Friday, March 20, 2009

Yumekui Kenbun Nightmare Inspector, Volume 3 by Shin Mashiba

Hiruko is a Baku, a kind of creature that eats bad dreams. He lives in the Silver Star Teahouse, and the owner believes that Hiruko is her brother in a new form. But is she right?

This volume contains six new dreams that Hiruko must plumb the depths of to find out what makes them repeatedly show up in the minds of the dreamers. In the first story, a young boy missing his sister has also lost a chunk of his memory. All he can dream of is a map with an X. He hurries to the X, but always wakes up before reaching it. In his dream, he reaches the area of the map with the X, but does he want to remember what he finds out while he's there?

The second nightmare is of a man who reads captions for motion picture shows from America. He dreams of seeing all the syllables of language as lighted lamps, and when they go out, one by one, he can no longer say those syllables. But will Hiruko's cure for the nightmare be worse than the disease?

The third story, split into two parts, is of an aristocratic girl who fell in love with a commoner boy servant in her family. When her family lost their fortune, she was to be given in marriage to another family to repair her family's fortune. but she wanted only to marry Hiyama, and they ran away together, but were caught by her family. Now parted, she hoped to be able to at least dream about him, but in her dreams, they are separated by a high wall she cannot breach or climb over. Can they ever be reunited?

The fourth story has a famous novelist coming to Haruko for help in completing the story that everyone is reading. He sees the story in his dream as a spiral of words, but the ending has become fogged and muddied. But does he really want to see the end?
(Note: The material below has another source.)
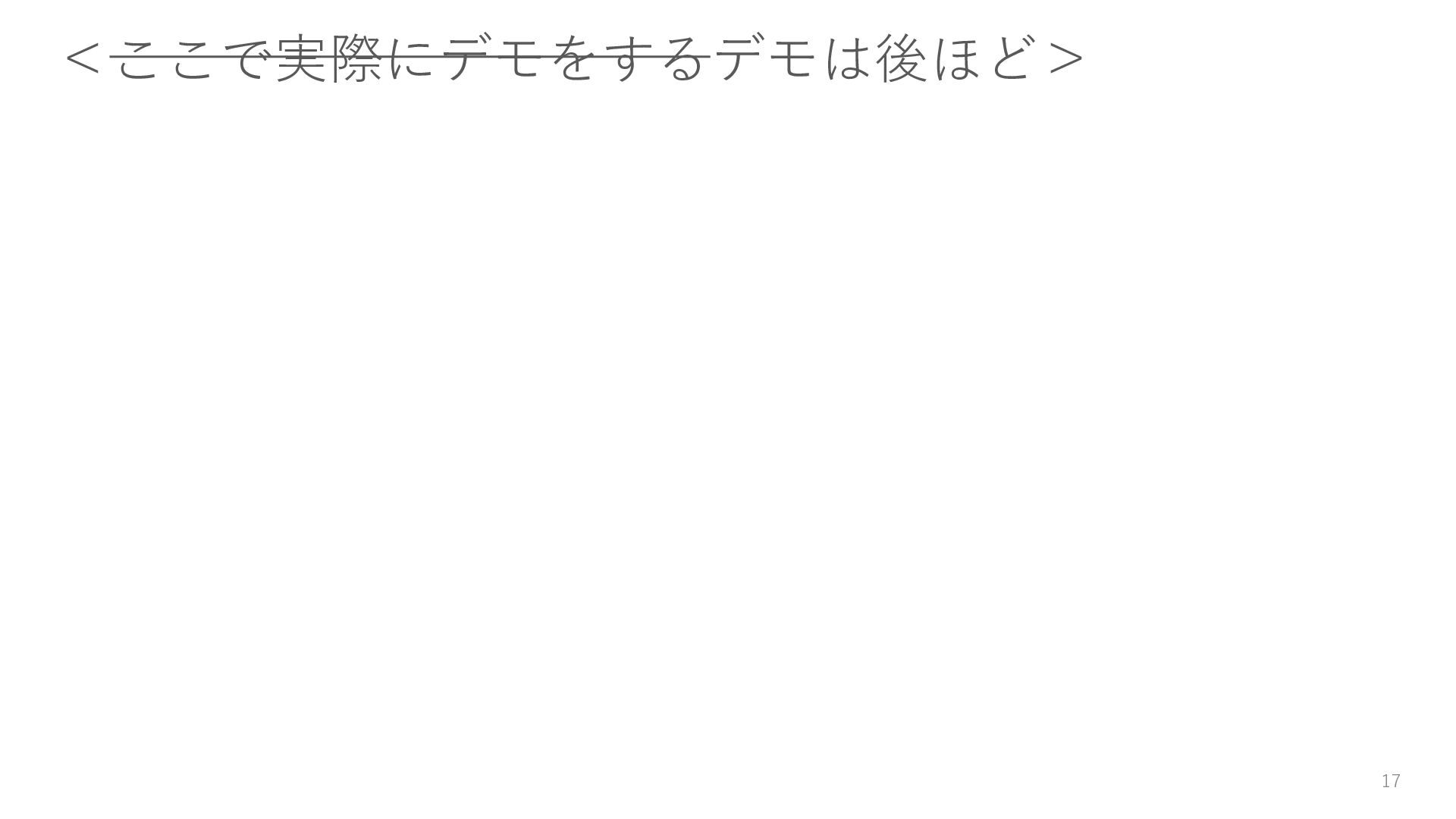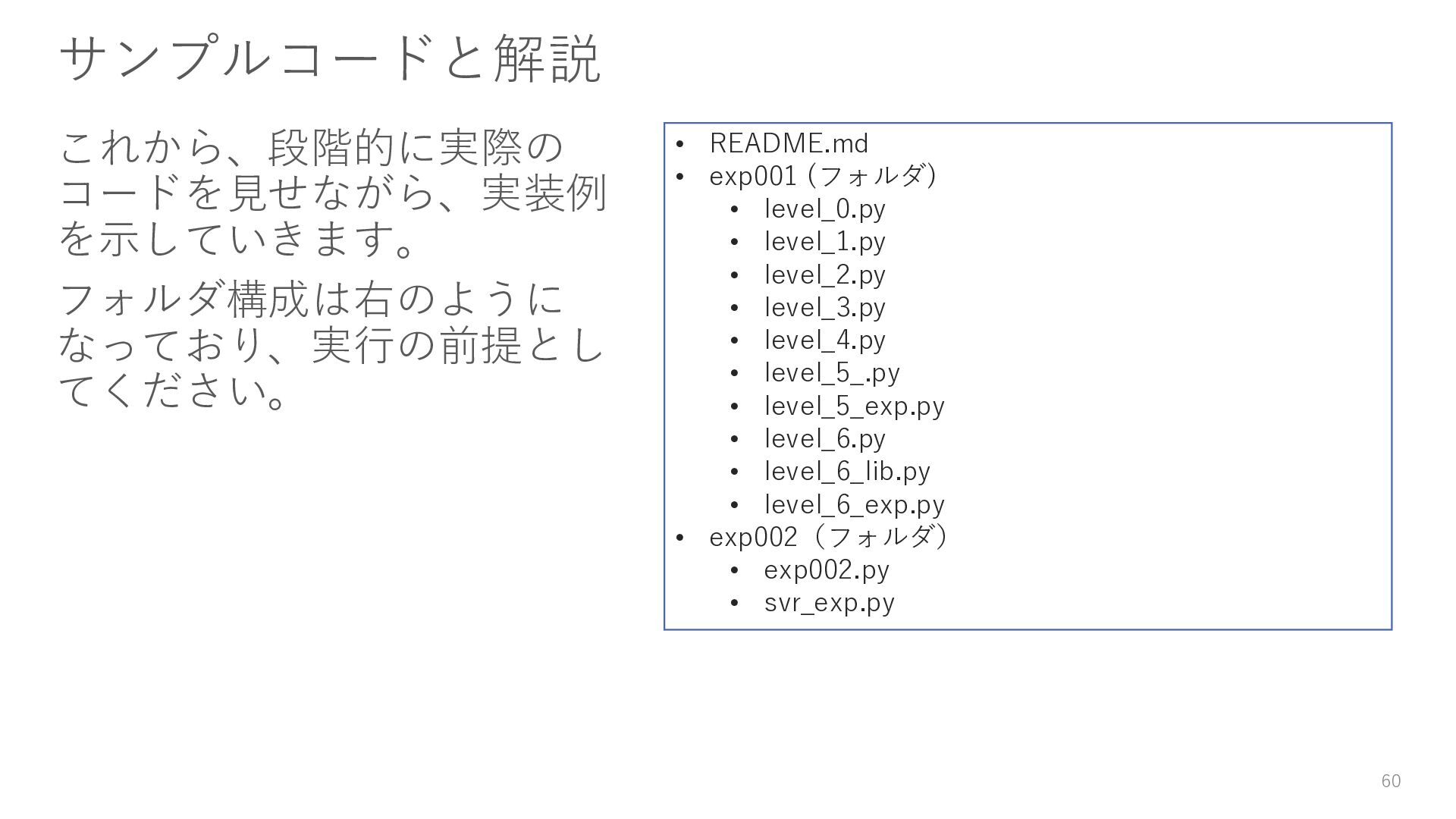 16. サンプルコードと解説 これから、段階的に実際の コードを見せながら、実装例 を示していきます。 フォルダ構成は右のように なっており、実行の前提とし てください。 60 • README.md
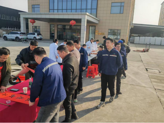活动现场气氛热烈,县书法家协会的书法家们挥毫泼墨,将对一线职工的关怀与新春的祝福融入笔端。以“匠心筑梦”“新春纳福”为主题,精心书写了几十副寓意吉祥、风格多样的春联。企业职工有序领取春联,纷纷表示手写春联既有文化温度,又具教育意义,为车间班组增添了浓厚的文化氛围。通过“文化润企”的形式,增强了企业的向心力和职工的凝聚力,营造了积极向上、和谐融洽的企业文化氛围。

The fifth story involves a boy who was sent to military school. Unable to control his emotions, he was picked on. But when he put on a Noh mask in his dream, from that day on, his face never changed from his neutral expression. But now he realizes that he can't make any emotion on his face at all. It's like it is frozen in place. Can Haruko save him from what he has done, or is the damage too deep to cure?

In the last story, Mizuki Asahina, the owner of the teahouse, gives us a look into her feelings and memories as she cleans the rooms of her two lodgers.

Another interesting look at the dreams and nightmares of people. The stories make you realize that dreams and nightmares aren't something static, but arise on their own from deeper problems with the dreamer, and are just a symptom of the malaise deep within. Oftentimes they conceal unpleasant truths that the dreamer doesn't want to deal with in his or her waking life.

And sometimes the person can't deal with the problem, so they bury it so deeply they forget in their waking life what it means, But like a current from the deep, the dreams will carry it up and make them confront what it is they turned their face from in their dreams in the dark of night.

Some of the stories are quite eerie and creepy, but most aren't scary. However, once you read these volumes, you will never quite forget them, or the dreams and nightmares of the characters who had them. This series will stick out in your mind once you start reading, and you won't be able to stop. At least, I wasn't able to. Highly recommended.